Why do you recommend against them?

------
tixocloud
Congratulations on the audience that you've built up. You've done an
incredible job in attracting and retaining an audience based on a common
interest.

Selling the project immediately likely won't give you the greatest value for
the effort you've put into it simply because there is a lack of evidence on
whether you're able to sell anything to the audience.

However, there is still some value in the audience, credibility and web
properties and you can approach classical music promotion companies, etc. to
see if they would be interested in taking it over.

If you collect data and have an insight into user preferences, this could add
additional value but as what some have said, you'll likely get more money if
you show that you can also sell to this audience.

------
OmarKhafagy
Hey there!
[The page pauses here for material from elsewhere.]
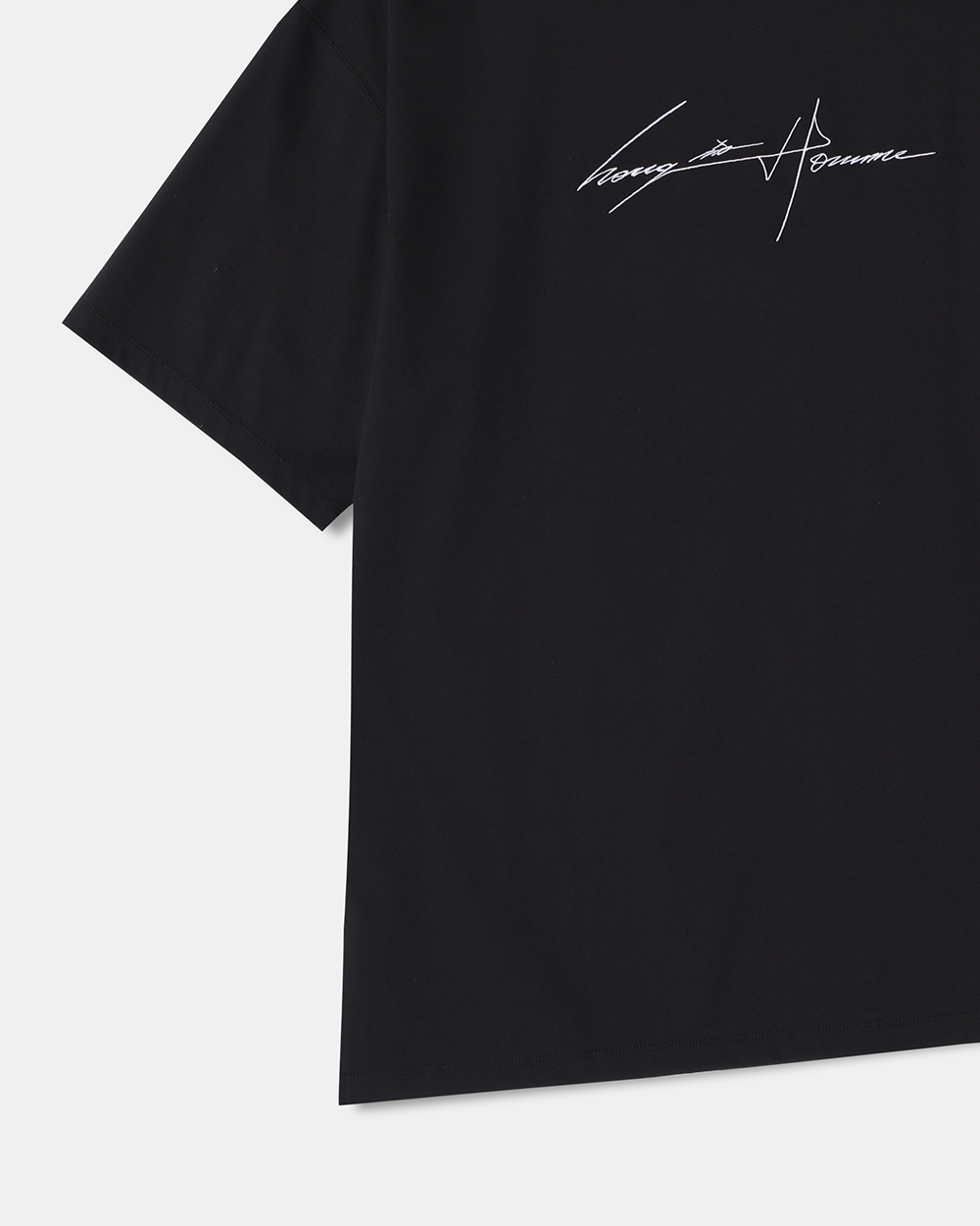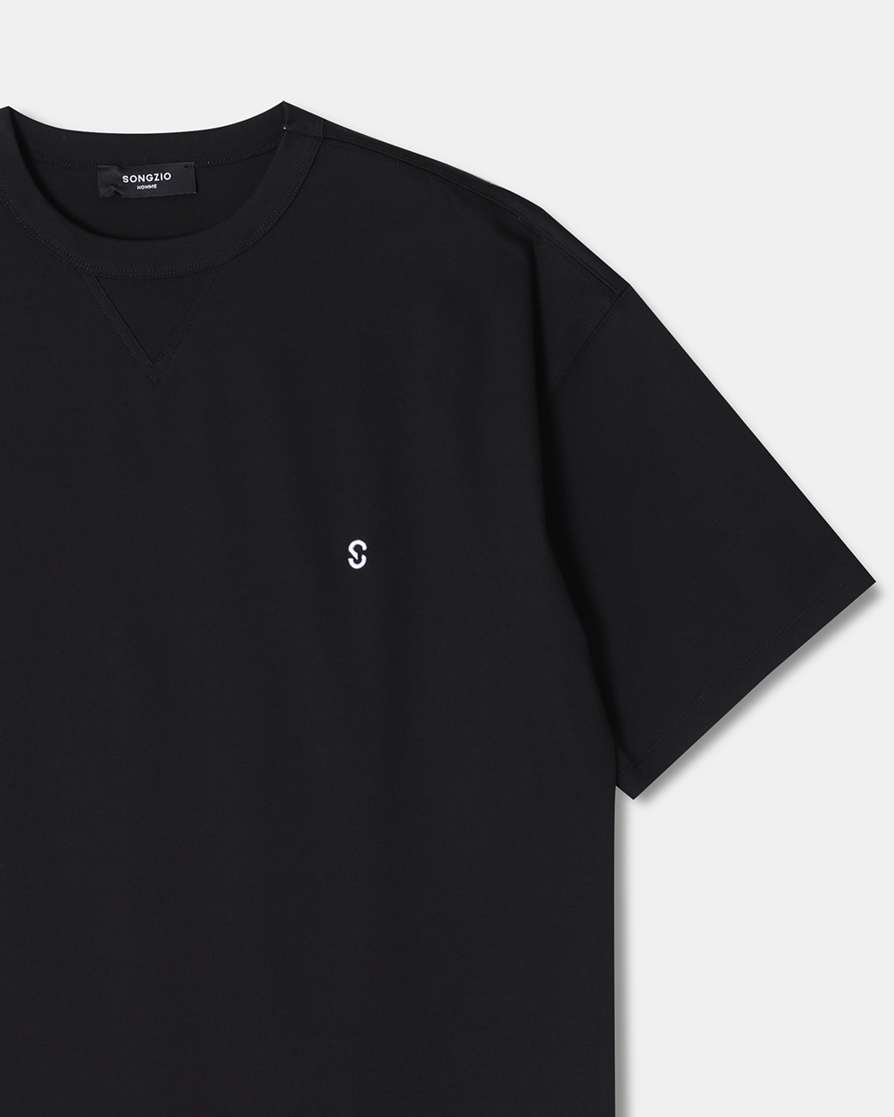 - 어시매트릭 오토그래프 티셔츠 - 전면 송지오옴므 S 엠블럼 로고 자수 - 후면 송지오옴므 사인 자수 포인트

This is a great site, and I'm sure it must hurt to let go of the
project. The fact that you're looking to sell the project "fast" suggests to
me that you might be in a bit of a tough spot. The fact that you care about
being fair tells me you care about this project.

I've got a couple of suggestions.

1\. If you are in a tight spot financially and need to sell the site due to
some emergency, come clean about that to your users. Let them know that the
site they love is in trouble. It may help give you a little infusion of cash
that will allow you to keep the project going for a bit longer.

2\. If selling is still in your playbook, you need to demonstrate your
property's value. Right now your list is untapped and therefore I couldn't
tell just how many of your users are buyers. You need to do that work for your
buyer.

I see you have a Patreon, and that's a great start, but it's not necessarily
compelling enough on its own. If I were you, I'd start with affiliate
marketing.

Think about what your audience has in common. If they are classical music
listeners, the odds are high that they either play an instrument themselves or
want to learn how to play one.

For those who want to be a musician, the answer is obvious: become an
affiliate for high quality music instruction courses online.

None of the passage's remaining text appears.